• _How to complete this task_:
Go to the line holding "得知科室里陈扬老师的生日与休" in the entries below and write out exactly every line down to and including the line holding "до 9 м (HS)".
»»
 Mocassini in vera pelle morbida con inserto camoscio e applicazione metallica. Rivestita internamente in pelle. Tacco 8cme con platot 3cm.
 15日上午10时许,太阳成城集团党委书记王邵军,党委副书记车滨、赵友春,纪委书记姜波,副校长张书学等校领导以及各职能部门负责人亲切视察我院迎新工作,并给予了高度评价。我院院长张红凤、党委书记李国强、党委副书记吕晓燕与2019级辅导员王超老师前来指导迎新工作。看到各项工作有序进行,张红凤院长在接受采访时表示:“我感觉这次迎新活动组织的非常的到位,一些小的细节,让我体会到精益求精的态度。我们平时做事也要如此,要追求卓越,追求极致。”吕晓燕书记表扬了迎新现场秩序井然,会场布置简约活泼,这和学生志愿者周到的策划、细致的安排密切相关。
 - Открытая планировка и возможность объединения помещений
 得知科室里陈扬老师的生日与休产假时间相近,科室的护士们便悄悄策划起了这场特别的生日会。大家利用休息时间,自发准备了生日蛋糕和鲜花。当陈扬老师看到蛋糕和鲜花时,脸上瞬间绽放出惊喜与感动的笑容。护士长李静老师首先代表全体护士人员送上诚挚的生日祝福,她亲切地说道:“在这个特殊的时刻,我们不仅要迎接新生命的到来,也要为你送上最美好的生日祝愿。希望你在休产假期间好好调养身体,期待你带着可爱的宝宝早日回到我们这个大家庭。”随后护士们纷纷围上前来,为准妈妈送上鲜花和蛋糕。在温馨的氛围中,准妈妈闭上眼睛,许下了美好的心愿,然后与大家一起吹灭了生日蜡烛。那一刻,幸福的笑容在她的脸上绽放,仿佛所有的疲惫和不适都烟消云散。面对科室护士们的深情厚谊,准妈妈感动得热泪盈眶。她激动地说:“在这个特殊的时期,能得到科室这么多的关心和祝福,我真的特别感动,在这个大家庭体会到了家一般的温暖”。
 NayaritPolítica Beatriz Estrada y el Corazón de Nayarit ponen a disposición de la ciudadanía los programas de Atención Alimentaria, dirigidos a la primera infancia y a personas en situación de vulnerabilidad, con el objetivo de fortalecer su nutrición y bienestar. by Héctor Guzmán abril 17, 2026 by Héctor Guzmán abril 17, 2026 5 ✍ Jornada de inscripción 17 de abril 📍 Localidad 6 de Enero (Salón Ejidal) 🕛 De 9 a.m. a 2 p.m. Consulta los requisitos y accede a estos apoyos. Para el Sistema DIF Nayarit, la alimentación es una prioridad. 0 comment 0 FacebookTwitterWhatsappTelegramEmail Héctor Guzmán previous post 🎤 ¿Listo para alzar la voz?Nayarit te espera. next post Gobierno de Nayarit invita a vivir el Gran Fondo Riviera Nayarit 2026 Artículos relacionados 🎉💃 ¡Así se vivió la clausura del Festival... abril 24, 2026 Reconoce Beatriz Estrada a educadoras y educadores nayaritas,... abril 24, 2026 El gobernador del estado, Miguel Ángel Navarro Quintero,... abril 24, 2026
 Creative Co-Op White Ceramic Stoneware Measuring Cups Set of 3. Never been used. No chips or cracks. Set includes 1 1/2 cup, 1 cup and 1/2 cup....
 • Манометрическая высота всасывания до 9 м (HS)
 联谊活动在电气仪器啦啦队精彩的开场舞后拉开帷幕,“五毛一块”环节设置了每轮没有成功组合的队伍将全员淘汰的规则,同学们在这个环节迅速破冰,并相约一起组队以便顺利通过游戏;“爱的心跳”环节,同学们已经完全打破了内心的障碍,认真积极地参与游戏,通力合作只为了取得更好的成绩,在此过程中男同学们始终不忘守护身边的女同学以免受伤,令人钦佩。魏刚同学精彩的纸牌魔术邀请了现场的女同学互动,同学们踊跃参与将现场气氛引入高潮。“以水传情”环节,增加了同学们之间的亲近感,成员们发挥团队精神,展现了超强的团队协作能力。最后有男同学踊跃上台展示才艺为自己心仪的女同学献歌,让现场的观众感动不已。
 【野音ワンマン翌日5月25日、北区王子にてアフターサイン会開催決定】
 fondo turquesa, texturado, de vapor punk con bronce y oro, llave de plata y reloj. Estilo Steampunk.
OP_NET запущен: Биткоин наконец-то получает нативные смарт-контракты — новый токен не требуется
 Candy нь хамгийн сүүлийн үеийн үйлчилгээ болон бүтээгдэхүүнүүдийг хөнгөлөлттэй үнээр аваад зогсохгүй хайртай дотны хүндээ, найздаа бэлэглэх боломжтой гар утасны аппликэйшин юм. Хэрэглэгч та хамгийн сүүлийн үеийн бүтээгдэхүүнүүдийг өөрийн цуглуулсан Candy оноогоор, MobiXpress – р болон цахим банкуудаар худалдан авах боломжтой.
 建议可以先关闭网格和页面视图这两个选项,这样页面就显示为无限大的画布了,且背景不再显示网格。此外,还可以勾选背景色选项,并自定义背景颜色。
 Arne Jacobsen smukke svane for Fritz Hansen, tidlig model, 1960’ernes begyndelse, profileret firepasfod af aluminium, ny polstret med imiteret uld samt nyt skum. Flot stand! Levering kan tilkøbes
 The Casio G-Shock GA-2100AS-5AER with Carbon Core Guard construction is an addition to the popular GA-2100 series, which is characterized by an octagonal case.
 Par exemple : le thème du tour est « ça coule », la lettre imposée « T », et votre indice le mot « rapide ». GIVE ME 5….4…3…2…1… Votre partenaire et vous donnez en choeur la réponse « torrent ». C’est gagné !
««
• _Final answer_:
 得知科室里陈扬老师的生日与休产假时间相近,科室的护士们便悄悄策划起了这场特别的生日会。大家利用休息时间,自发准备了生日蛋糕和鲜花。当陈扬老师看到蛋糕和鲜花时,脸上瞬间绽放出惊喜与感动的笑容。护士长李静老师首先代表全体护士人员送上诚挚的生日祝福,她亲切地说道:“在这个特殊的时刻,我们不仅要迎接新生命的到来,也要为你送上最美好的生日祝愿。希望你在休产假期间好好调养身体,期待你带着可爱的宝宝早日回到我们这个大家庭。”随后护士们纷纷围上前来,为准妈妈送上鲜花和蛋糕。在温馨的氛围中,准妈妈闭上眼睛,许下了美好的心愿,然后与大家一起吹灭了生日蜡烛。那一刻,幸福的笑容在她的脸上绽放,仿佛所有的疲惫和不适都烟消云散。面对科室护士们的深情厚谊,准妈妈感动得热泪盈眶。她激动地说:“在这个特殊的时期,能得到科室这么多的关心和祝福,我真的特别感动,在这个大家庭体会到了家一般的温暖”。
 NayaritPolítica Beatriz Estrada y el Corazón de Nayarit ponen a disposición de la ciudadanía los programas de Atención Alimentaria, dirigidos a la primera infancia y a personas en situación de vulnerabilidad, con el objetivo de fortalecer su nutrición y bienestar. by Héctor Guzmán abril 17, 2026 by Héctor Guzmán abril 17, 2026 5 ✍ Jornada de inscripción 17 de abril 📍 Localidad 6 de Enero (Salón Ejidal) 🕛 De 9 a.m. a 2 p.m. Consulta los requisitos y accede a estos apoyos. Para el Sistema DIF Nayarit, la alimentación es una prioridad. 0 comment 0 FacebookTwitterWhatsappTelegramEmail Héctor Guzmán previous post 🎤 ¿Listo para alzar la voz?Nayarit te espera. next post Gobierno de Nayarit invita a vivir el Gran Fondo Riviera Nayarit 2026 Artículos relacionados 🎉💃 ¡Así se vivió la clausura del Festival... abril 24, 2026 Reconoce Beatriz Estrada a educadoras y educadores nayaritas,... abril 24, 2026 El gobernador del estado, Miguel Ángel Navarro Quintero,... abril 24, 2026
 Creative Co-Op White Ceramic Stoneware Measuring Cups Set of 3. Never been used. No chips or cracks. Set includes 1 1/2 cup, 1 cup and 1/2 cup....
 • Манометрическая высота всасывания до 9 м (HS)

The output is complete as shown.